_REQUIRED WORK_. Using the listing below, copy exactly each line from the one that has "Talerz papierowy 18,5cm" through the one that has "- Vasilenko, M.A.;"; omit the pictures.

_SOURCE MATERIAL_.

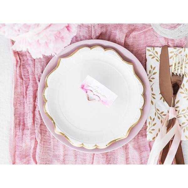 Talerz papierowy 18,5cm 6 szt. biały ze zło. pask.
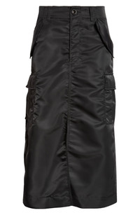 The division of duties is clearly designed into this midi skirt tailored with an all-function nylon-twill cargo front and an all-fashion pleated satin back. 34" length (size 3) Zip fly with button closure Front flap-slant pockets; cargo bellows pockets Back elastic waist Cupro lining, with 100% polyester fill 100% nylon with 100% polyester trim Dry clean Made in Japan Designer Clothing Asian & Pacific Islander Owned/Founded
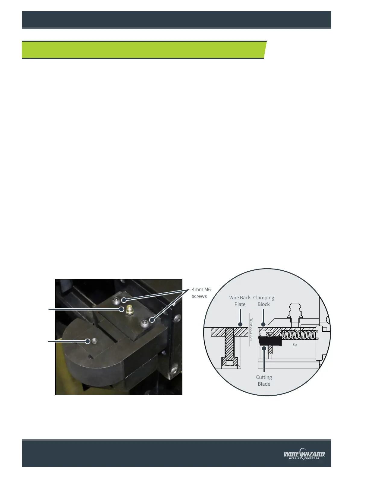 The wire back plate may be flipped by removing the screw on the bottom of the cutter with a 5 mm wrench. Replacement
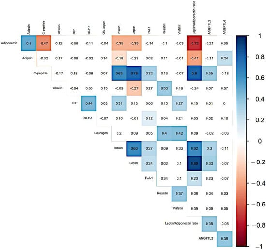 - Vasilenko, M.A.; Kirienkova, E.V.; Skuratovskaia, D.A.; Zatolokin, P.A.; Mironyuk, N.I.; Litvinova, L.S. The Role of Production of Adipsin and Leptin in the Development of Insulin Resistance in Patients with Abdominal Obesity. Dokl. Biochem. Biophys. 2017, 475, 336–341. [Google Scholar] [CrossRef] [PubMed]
==
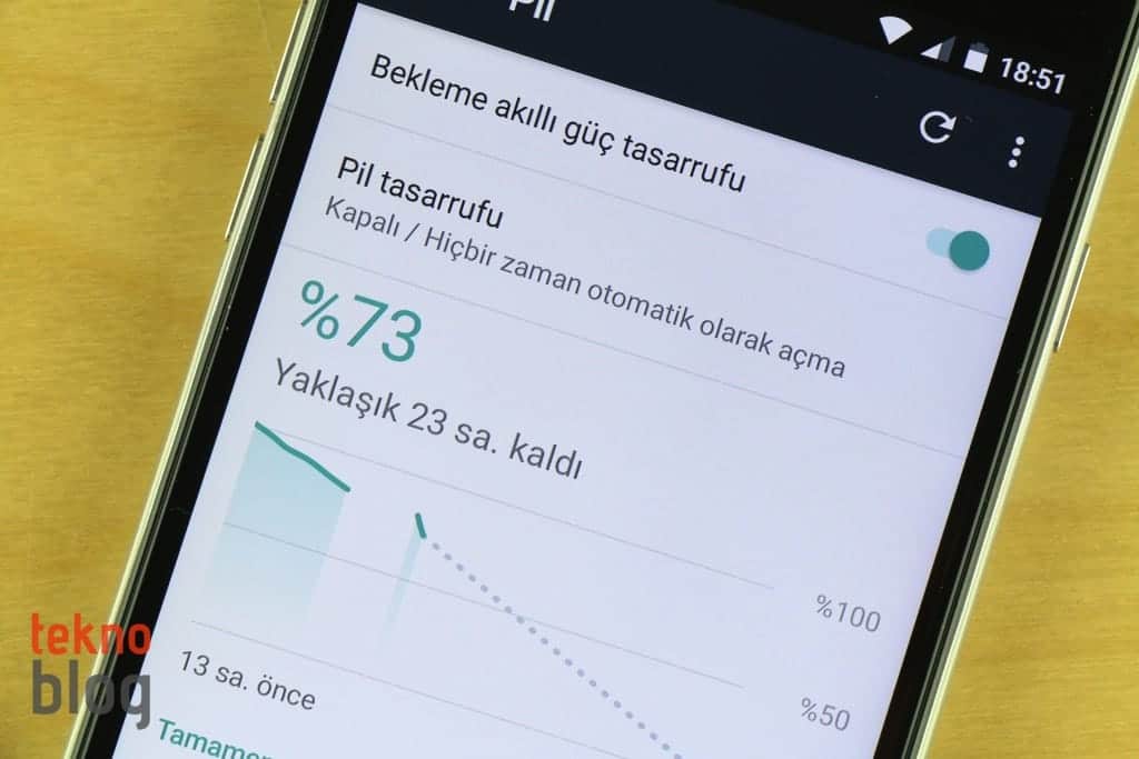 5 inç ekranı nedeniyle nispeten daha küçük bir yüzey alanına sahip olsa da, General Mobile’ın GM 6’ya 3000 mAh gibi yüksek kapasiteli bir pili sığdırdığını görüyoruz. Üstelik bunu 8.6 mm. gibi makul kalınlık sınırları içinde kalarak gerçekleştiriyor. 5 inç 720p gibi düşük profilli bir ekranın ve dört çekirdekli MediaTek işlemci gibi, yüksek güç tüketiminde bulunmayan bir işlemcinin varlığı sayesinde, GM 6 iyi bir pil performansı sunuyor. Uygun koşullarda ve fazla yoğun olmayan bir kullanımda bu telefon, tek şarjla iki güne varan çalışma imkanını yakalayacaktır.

_ANSWER TO THIS TASK_.
 Talerz papierowy 18,5cm 6 szt. biały ze zło. pask.
 The division of duties is clearly designed into this midi skirt tailored with an all-function nylon-twill cargo front and an all-fashion pleated satin back. 34" length (size 3) Zip fly with button closure Front flap-slant pockets; cargo bellows pockets Back elastic waist Cupro lining, with 100% polyester fill 100% nylon with 100% polyester trim Dry clean Made in Japan Designer Clothing Asian & Pacific Islander Owned/Founded
 The wire back plate may be flipped by removing the screw on the bottom of the cutter with a 5 mm wrench. Replacement
 - Vasilenko, M.A.; Kirienkova, E.V.; Skuratovskaia, D.A.; Zatolokin, P.A.; Mironyuk, N.I.; Litvinova, L.S. The Role of Production of Adipsin and Leptin in the Development of Insulin Resistance in Patients with Abdominal Obesity. Dokl. Biochem. Biophys. 2017, 475, 336–341. [Google Scholar] [CrossRef] [PubMed]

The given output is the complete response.